BRIEF DESCRIPTION OF THE DRAWINGS

Other objects and advantages of the invention will be apparent from the following detailed description and the accompanying drawings in which:

FIG. 1 is a representation perspective view of a circuit breaker which incorporates the subject matter of the present invention;

FIG. 2 is a plan view of the tripping module of the circuit breaker of FIG. 1;

FIG. 3 is cross sectional view of the trip unit used in the circuit breaker of FIG. 1, taken generally along the line 3--3 of FIG. 2;

FIG. 4 is a cross sectional view of the trip unit used in the circuit breaker of FIG. 1, taken generally along the line 4--4 of FIG. 2;

FIG. 5 is a plan front view of the trip solenoid assembly used in the circuit breaker shown in FIG. 1;

FIG. 6 is a plan side view of a trip solenoid plunger assembly of the circuit breaker of FIG. 1; and

FIG. 7 is a plan side view of a trip solenoid plunger assembly of an the circuit breaker of FIG. 1.

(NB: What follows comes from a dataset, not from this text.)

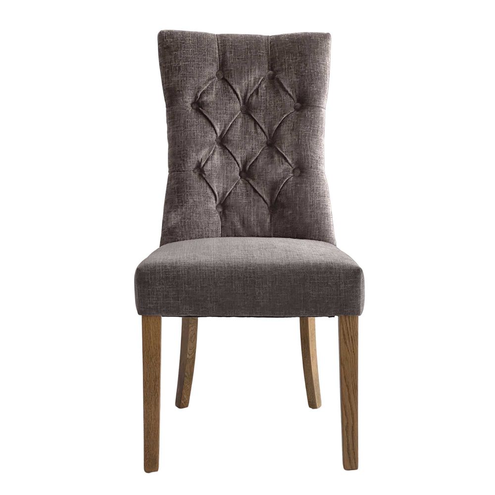 Diana Buttoned Hamptons Dining Chair Silver Grey Linen Blend

DETAILED DESCRIPTION OF THE PREFERRED EMBODIMENTS

For a better understanding of the present invention together with other and further advantages, and capabilities thereof, reference is made to the following disclosure and appended claims in connection with the above-described drawings.

For exemplary purposes, the invention is shown and described with respect to a three-pole circuit breaker, although the various aspects of the invention are equally applicable to circuit breakers of a different number of poles. The three-pole circuit breaker constructed in accordance with the teachings of the present invention is shown in the Figures as including standard components such as an enclosure, an interrupter assembly, an operating mechanism, and connectors. For instance, representative ones of the aforementioned components or subassemblies are described in U.S. Pat. No. 5,223,681, issued on Jun. 6, 1993 to Buehler et at., entitled "Current Limiting Circuit Breaker with Over Molded Magnet and Metal Plates", and a representative electronic trip system is described in the previously noted U.S. Pat. No. 5,038,246; the disclosure in those patents is incorporated herein by reference and specific structural details of such standard components are not discussed hereinafter.

FIG. 1 is a perspective view of a circuit breaker 10 having a housing or frame 210 and comprising a trip system which includes an electronic system 200 attached to the housing 210 and a tripping module 80 (FIGS. 2-4) enclosed within the housing 210. Current conductors 202 carrying phase currents A, B and C are shown delivering current to a set of current transformer assemblies 88 (symbolized in dashed lines in FIG. 1 and shown in FIGS. 2-4) which are enclosed in the tripping module 80 and are electrically coupled to the electronic system 200. A trip solenoid 90 (symbolized in dashed lines) is utilized to initiate the separation of the current in the current conductors 202. Once the current path is interrupted, the user reconnects the current path using an operating handle 18.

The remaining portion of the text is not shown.